On Tuesday, December 6, the Supreme Court unanimously ruled that violating the FCA’s seal requirement does not necessarily demand that a case be dismissed.
The case before the Court was State Farm Fire & Casualty Co. v. United States ex. rel. Rigsby et al. In the years following the devastation of Hurricane Katrina, there were a massive number of insurance claims. The National Flood Insurance Program was responsible for flood damage, whereas State Farm Fire & Casualty Company (SFFCC) was responsible for wind damage. As one can imagine, there was some ambiguity in parsing out what damage was due to wind and what to flooding. In this case, the relators alleged that SFFCC instructed claims adjusters to misclassify wind damage as flood damage, thereby fraudulently shifting the cost of insurance liability to the government.
The FCA’s seal requirement mandates that qui tam complaints be kept under seal until the court orders them unsealed.

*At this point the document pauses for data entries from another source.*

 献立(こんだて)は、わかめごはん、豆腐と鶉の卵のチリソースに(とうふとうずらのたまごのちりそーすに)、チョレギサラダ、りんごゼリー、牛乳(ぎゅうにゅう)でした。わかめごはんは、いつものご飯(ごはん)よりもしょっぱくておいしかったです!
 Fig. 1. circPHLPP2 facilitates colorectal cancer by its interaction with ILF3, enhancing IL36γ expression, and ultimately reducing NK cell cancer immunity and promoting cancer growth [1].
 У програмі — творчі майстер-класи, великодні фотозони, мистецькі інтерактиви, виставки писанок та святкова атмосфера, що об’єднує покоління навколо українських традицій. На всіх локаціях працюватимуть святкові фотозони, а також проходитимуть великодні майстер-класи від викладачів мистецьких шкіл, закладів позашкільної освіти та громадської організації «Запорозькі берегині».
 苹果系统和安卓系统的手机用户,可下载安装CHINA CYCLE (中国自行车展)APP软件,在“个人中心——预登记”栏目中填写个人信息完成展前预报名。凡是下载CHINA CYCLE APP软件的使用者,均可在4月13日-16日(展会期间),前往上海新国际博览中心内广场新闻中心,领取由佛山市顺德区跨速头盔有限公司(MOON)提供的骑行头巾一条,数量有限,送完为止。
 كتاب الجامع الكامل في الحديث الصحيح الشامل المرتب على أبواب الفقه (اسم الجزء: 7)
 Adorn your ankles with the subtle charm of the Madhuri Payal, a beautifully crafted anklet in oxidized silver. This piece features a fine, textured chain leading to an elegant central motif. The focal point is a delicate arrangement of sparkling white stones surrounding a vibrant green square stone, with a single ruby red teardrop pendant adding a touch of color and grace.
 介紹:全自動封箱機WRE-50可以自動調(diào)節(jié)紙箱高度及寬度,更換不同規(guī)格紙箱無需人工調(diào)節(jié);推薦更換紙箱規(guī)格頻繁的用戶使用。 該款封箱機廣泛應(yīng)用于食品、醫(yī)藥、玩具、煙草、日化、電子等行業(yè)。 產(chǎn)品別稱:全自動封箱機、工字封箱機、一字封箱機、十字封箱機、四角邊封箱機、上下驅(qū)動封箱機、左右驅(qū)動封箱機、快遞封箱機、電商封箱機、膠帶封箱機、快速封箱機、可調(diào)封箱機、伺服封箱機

This requirement was broken when the relators’ former attorney, Dickie Scruggs, leaked a sealed filing to several press outlets. SFFCC moved for dismissal. The District Court decided and the Court of Appeals for the Fifth Circuit affirmed that this violation did not merit automatic dismissal. The Supreme Court has now affirmed this view.
In reaching its decision, the Supreme Court looked at both the language and purpose of the statutory provision, concluding that while there’s no doubt the language creates “a mandatory rule the relator must follow,” the statute does not require automatic dismissal. Though the seal provision prescribes no remedy, the Court reasoned that several other provisions of the FCA do expressly require dismissal for certain violations, indicating that if Congress intended to require dismissal for violating the seal requirement, it would have said so. Further, the Court saw their conclusion in line with the purpose of the statute. Justice Kennedy remarked that the seal provision was meant to encourage more private enforcement suits and to protect the Government’s interests. Given that, it wouldn’t be reasonable to see this provision in a way that would prejudice the Government “by depriving it of needed assistance from private parties.” The Court held that whether a violation of the FCA’s seal requirement merits dismissal of the case is left with the sound discretion of the district court.
This decision clears up a prior ambiguity, ending a Circuit split. So what does this mean for parties in FCA cases?
First, it means that defendants cannot count on a dismissal if a relator violates the seal provision. However, it is key to remember that dismissal is still an option for the district court, along with a variety of lesser punishments. Finally, though this decision does not mean relators can violate the FCA’s seal requirement with impunity, time will tell whether it emboldens relators to be somewhat less cautious.